This week's burning issue: Do You Buy Into The Demise Of Cooking?




From: Bennett Dawson
To: The Hot Topic Team
Re: Microwave Foodstuff


In an age when it looks like microwavable foods are taking over the gastro tracts of the world, I wonder if I'm part of a vanishing breed that still cooks food the old fashioned way.

Not owning a microwave, it seems to me that these little radiation ovens have created their own captive market. A market based on reducing questionable concoctions into a sterile and banal fuel for the ever growing population of lazy lard-asses, and it makes me fear for the future of the classic, home cooked meal.

My local supermarket is devoting increasing shelf space to brightly colored packages of food designed to be cooked only in a microwave. The cooking instructions assume that you will use a microwave, and there are no directions for using a conventional heat source. In fact, many of them have the words "Oven or stove top - not recommended".

And I'm not talking about regular frozen vegetables here, 'cause I see nothing wrong with frozen corn or beans as a side dish if fresh veggies are out of season, and admit to being in love with Green Giant frozen Creamed Spinach. I can even go for the frozen oriental meals (just add meat) that come with an icy chunk of mystery sauce. The veggies end up soggy and bland, but sometimes the trade off (freshness for convenience) works out. I have to admit that the pictures on the boxes are first class, and make the food look so damn tasty! This is a marketing lie, as it never comes out looking like the picture.

But it's the new generation of microwavable main courses that gross me out, the precooked foods sitting on the shelves of the supermarket at room temperature. Some of these vacuum wrapped entrees have chunks of chicken or beef in 'em, am I the only one who finds this disturbing?

Meat - frozen or refrigerated, okay?

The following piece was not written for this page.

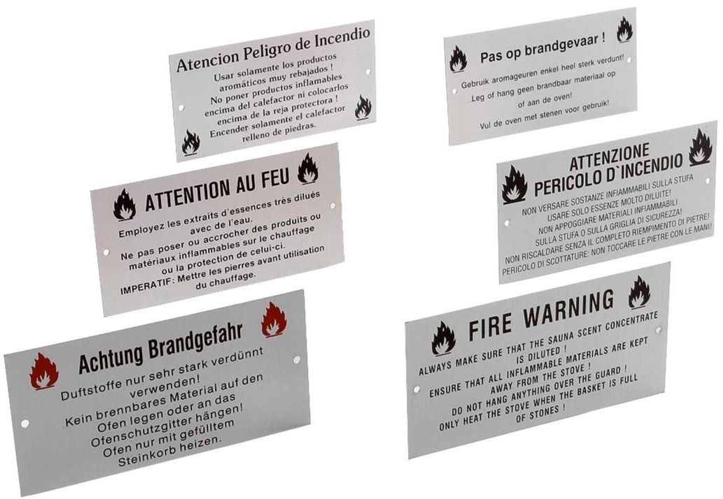 Montage über dem Saunaofen an der Saunainnenwand, entspricht der VDE-Vorschrift für Saunen. Deutsch 2-farbig - andere Sprachen 1-farbig bedruckt,

Room temp for weeks or months in a plastic envelope? C'mon folks, this is a crime against nature! How is this different from a can of soup, you ask? From a purely sterile point of view, it's probably no different, but my mind rebels, knowing that a CAN is safer, more secure, physically impenetrable. How DO they sterilize those plastic bags 'o food?

Whenever I see a box with a plastic envelope containing "Chicken Goulash" or "Jasmine Rice With Raisins" sitting on an unrefrigerated shelf, it gives me the creeps. Check out the shelves, Rice-a-roni has a new line of precooked rice in little plastic envelopes, as if cooking up Rice-a-roni was a big chore in the first place!

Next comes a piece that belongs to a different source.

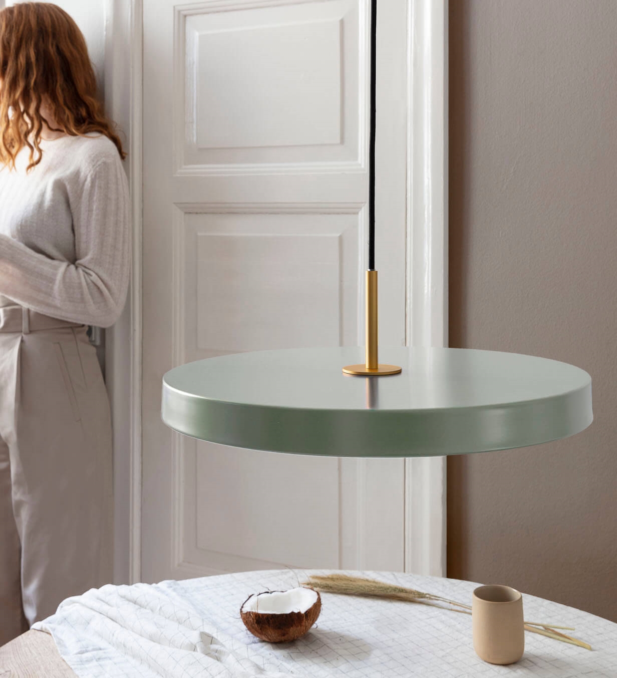 Umage Asteria medium hanglamp, tint olive met top in messing - ontworpen door Søren Ravn Christensen

The new development to all of this is that the CAN is on the way out too. Yesterday I saw little boxes of soup. The same package that they use for little kids "sippy juices" is now the package for tomato soup, beef soup, Hungarian goulash... In this room temp packaging revolution, what's next?

I was raised in a pretty healthy food environment. Microwaves hadn't been invented yet, and my mom was a health food nut when that sort of thing was just getting started. Raw milk, unstabilized peanut butter, real bread, and collard greens... Wonder Bread never graced the shelves in my childhood home. Instead, we had handfuls of vitamins to choke down, liver and onions, yogurt and granola. Ya know? It's a long road from that to "just microwave and enjoy!" This said, I have enjoyed my share of microwave burritos, to the ultimate distress of my lower GI tract.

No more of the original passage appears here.